Posts Tagged ‘ Python

4WOC: Week 2

Four Weeks Of Creativity, WEEK 2!

This post will follow my ‘next 7 days of creativity’.  Back to Week 1. Forward to Week 3.

Day 14 : Sunday, Nov 25th, 2013

Kivy : Python app development

I’ve talked about Kivy in the past, but this coming week I’m going to try programming in it in ernest.  From their site, Kivy is an “Open source Python library for rapid development of applications that make use of innovative user interfaces, such as multi-touch apps.”.  They integrate many other Python libraries (like PyGame) into one cohesive whole.  Today I got the latest version installed, and loaded up some of their examples.   The biggest hurdle so far is to get it to launch in debug mode from Wing IDE (my Python development environment of choice):  I can’t seem to track down the custom Python app (I’m on a mac) that Kivy uses (on the PC this would be trivial), so currently no debugging.  I hope to get this worked out in the coming week.
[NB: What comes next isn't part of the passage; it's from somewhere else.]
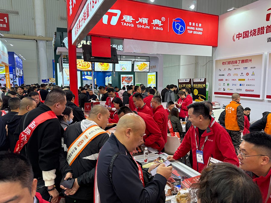 作為集家禽養殖、生產加工、冷鏈物流于一體的全產業鏈企業,唐順興實現了從“農場到餐桌”的多品類產品全鏈條布局。展會上唐順興自主研發的港式沙田脆皮乳鴿、東江鹽焗雞、港式蜜汁叉燒、蒜香燒雞、港式脆皮燒鴨、港式脆皮燒鵝等大單品,吸引了眾多專業觀眾駐足品鑒。展位還特設了“港式燒臘品鑒區”,由資深粵菜師傅現場烹飪,風味贏得了大家的一致好評,“不愧是國民乳鴿”“口感媲美現制”等贊譽不斷!展位上人流如織!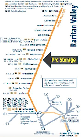 your car. Our monthly charges starts at: * Vehicles Up to 180 in total length: $225 plus NJ sales tax * Vehicles from 181" to 197" in total length: $250 plus NJ sales tax * Vehicles from 198" to 225" in total length: $275 plus NJ sales tax This includes electric for your trickle charger, Seasonal, long or short terms available, stay a month or stay a year. Seasonal storage spaces available first come basis only so come early. We are located on the borders of Union, Somerset and Middlesex Counties in Plainfield New Jersey. Our location is Just 5 miles from route 287 exit 5 * Just 3 miles from route 78 exit 40 * Just 1 mile from route 22 Somerset St.(VIP Honda) Centrally located in Downtown Plainfield on Park Avenue directly across from NJ transit Raritan Valley line train station, newer nice area. No need for a second driver to follow you to drop off or pickup your car, just jump on the train. The storage garage is part of a updated residential/commercial complex. Call or email about our vehicle storage center located at 310 Park Avenue at "The Garage" On-line registration and payment forms available, reserve your spot today. Go to: prostoragenj.com ***Assistance with online applications please call or text 908-625-8353 *** *0ver 180" Up-charge. No ride? Pro Storage is conveniently accessible from all NJ transit services!

Day 13 : Saturday, Nov  24, 2013

Threat Detection Sensor Mk1!

I picked up a Parallax PIR sensor a few years back at the Bay Area Maker Faire.  Always wanted to see how hard it would be to make a simple motion detector / threat detection system.  Turns out, if you have the right components, it’s really easy.

Here is the prototype in action:  Having detected me, the bright blue threat LED is on, and if you were present, you’d hear the threat audio “shave and a haircut, two bits” playing:

Components:

  • Arduino Uno (I’m sure any Arduino will work)
  • Parallax PIR sensor
  • 8ohm speaker
  • LED of your choice plus resistor (100-200 ohm)
  • Breadboard & connectors
You can download the code I made here:  It’s a mashup of these two example sketches:
Total time:  Little over an hour.
If I had the time and components to take this project further I would:
  • Allow it to be plugged into a wall, on a battery backup (in case the baddies cut the power).
  • Send me a text whenever a threat is detected.
  • Attach a simple camera to snap a picture of the threat for later retrieval.
  • Have it know what time it is when the threat happened.
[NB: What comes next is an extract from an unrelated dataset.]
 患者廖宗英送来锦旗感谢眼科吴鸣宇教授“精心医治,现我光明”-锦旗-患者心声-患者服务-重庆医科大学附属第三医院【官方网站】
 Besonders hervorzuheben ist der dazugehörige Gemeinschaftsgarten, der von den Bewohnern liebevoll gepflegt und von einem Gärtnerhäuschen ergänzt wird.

Day 12 : Friday, Nov 22, 2013

Creative fail.  Completely exhausted after work, feel like I’m coming down with something.  No creativity :(

Day 11 : Thursday, Nov 21, 2013

More 3d printing : My wife has her own business selling the knitted and crocheted items she makes.  I’ve designed and printed out small round ‘chits’ with her initials that she can sew into the items .  Check out her stuff over on Etsy.

Printing in process!

Day 10 : Wednesday, Nov 20th, 2013

I modeled my house in Minecraft.  ’nuff said.  (this actually took more than one day, I just finally finished it)

Day 9 : Tuesday, Nov 19th, 2013

3D Printed ShapeShifter Vase

I ran across a site called http://shapeshifter.io that makes it really easy to create 3d printable items like vases, bowls, etc.  10 minutes later and I had the below vase done.  17h and 15 min later the print finished on my  Makerbot Replicator.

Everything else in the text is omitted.